### DATA FOR ANALYSIS

++++++

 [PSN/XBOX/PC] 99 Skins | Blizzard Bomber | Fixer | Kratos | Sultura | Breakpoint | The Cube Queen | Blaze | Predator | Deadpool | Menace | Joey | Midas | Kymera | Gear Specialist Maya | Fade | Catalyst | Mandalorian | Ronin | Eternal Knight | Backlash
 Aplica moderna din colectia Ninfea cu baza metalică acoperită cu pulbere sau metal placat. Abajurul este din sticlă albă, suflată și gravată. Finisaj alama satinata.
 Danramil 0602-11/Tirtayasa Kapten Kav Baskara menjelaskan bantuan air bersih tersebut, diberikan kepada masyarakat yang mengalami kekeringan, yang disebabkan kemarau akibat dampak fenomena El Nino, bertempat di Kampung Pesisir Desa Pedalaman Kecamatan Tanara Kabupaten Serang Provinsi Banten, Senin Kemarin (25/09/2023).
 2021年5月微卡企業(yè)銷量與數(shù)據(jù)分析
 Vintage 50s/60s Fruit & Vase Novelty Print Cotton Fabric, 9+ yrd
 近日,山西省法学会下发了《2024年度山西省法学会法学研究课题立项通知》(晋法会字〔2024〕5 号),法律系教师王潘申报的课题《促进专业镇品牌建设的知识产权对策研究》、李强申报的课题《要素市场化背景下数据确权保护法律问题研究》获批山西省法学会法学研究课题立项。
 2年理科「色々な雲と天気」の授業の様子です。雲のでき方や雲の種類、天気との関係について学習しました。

++++++

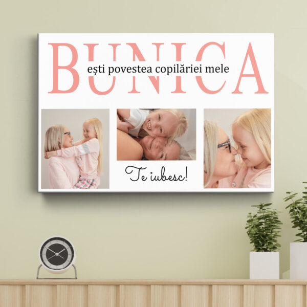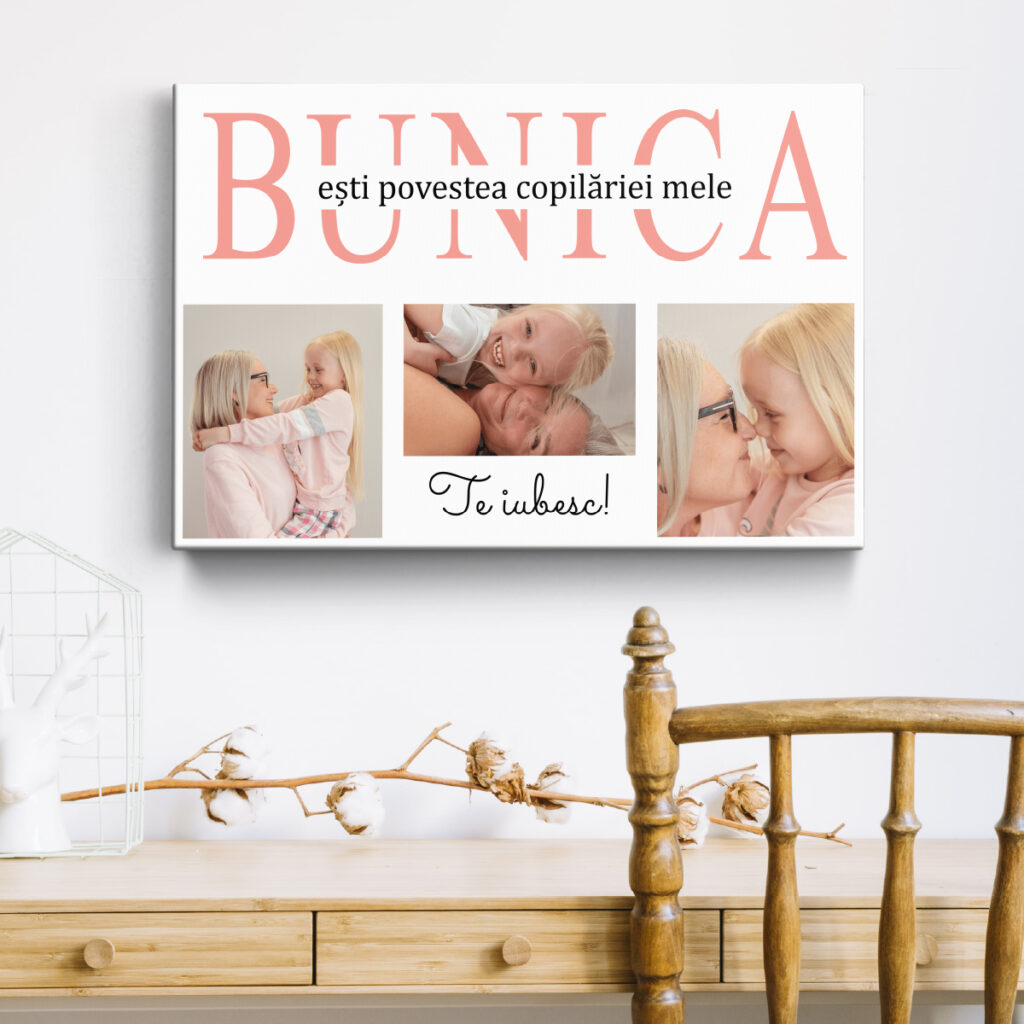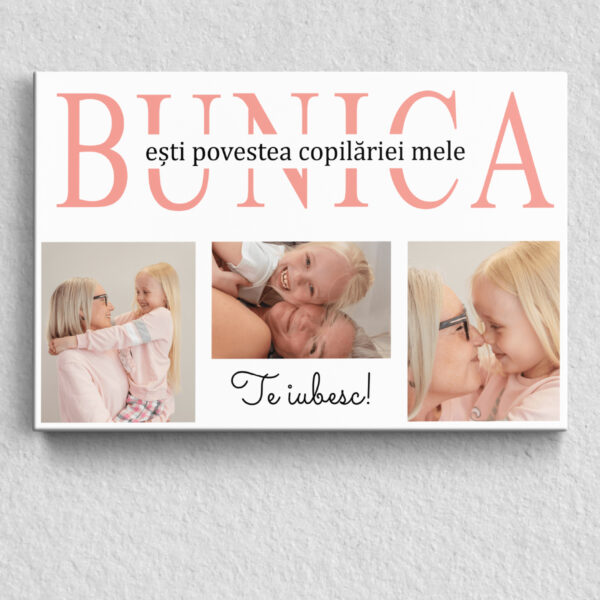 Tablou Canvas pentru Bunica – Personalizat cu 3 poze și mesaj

++++++

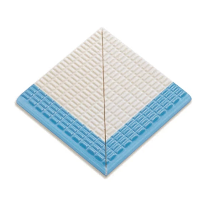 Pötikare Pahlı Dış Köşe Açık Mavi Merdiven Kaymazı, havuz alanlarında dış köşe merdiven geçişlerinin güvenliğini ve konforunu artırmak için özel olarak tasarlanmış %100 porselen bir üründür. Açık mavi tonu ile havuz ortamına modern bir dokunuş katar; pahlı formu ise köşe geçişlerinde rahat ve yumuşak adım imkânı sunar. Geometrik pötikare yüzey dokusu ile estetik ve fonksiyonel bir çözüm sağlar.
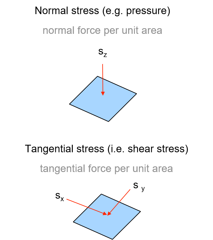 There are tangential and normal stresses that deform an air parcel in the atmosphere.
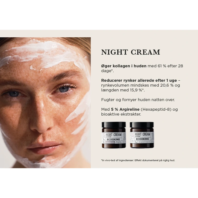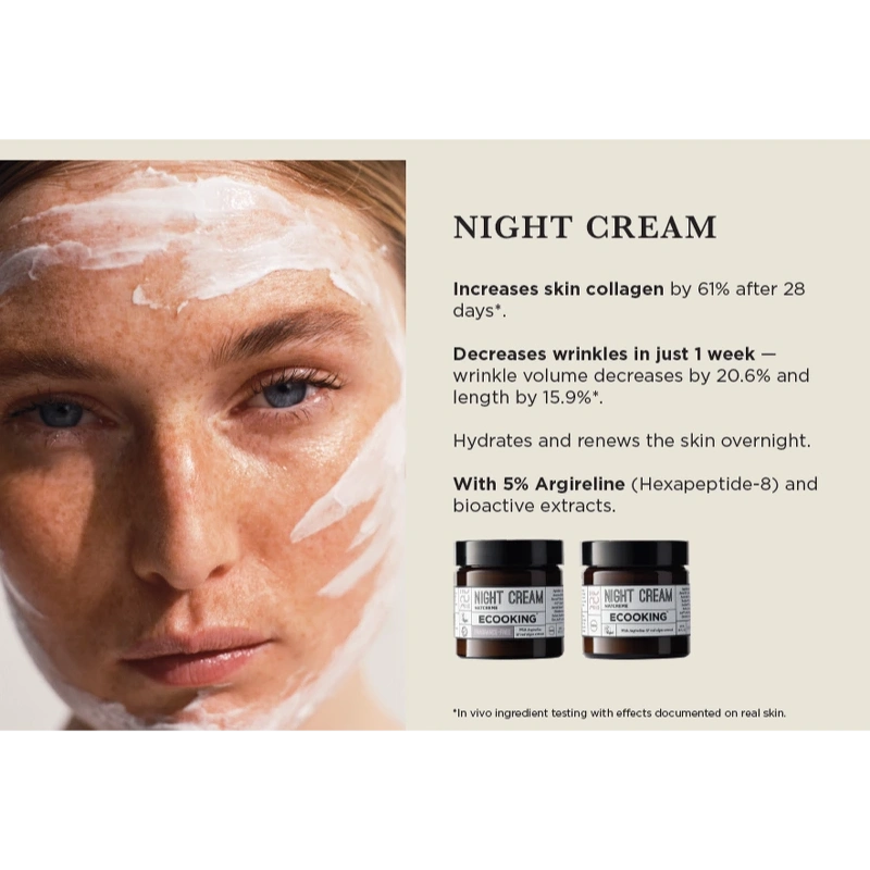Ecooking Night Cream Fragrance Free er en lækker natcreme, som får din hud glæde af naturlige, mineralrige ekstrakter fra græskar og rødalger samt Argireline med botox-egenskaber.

++++++

### GOAL OF THE EXERCISE
Retype, in the same exact form, the lines of the material above from the line holding "Vintage 50s/60s Fruit" through the line holding "2年理科「色々な雲と天気」の".

### ANSWER BELOW
 Vintage 50s/60s Fruit & Vase Novelty Print Cotton Fabric, 9+ yrd
 近日,山西省法学会下发了《2024年度山西省法学会法学研究课题立项通知》(晋法会字〔2024〕5 号),法律系教师王潘申报的课题《促进专业镇品牌建设的知识产权对策研究》、李强申报的课题《要素市场化背景下数据确权保护法律问题研究》获批山西省法学会法学研究课题立项。
 2年理科「色々な雲と天気」の授業の様子です。雲のでき方や雲の種類、天気との関係について学習しました。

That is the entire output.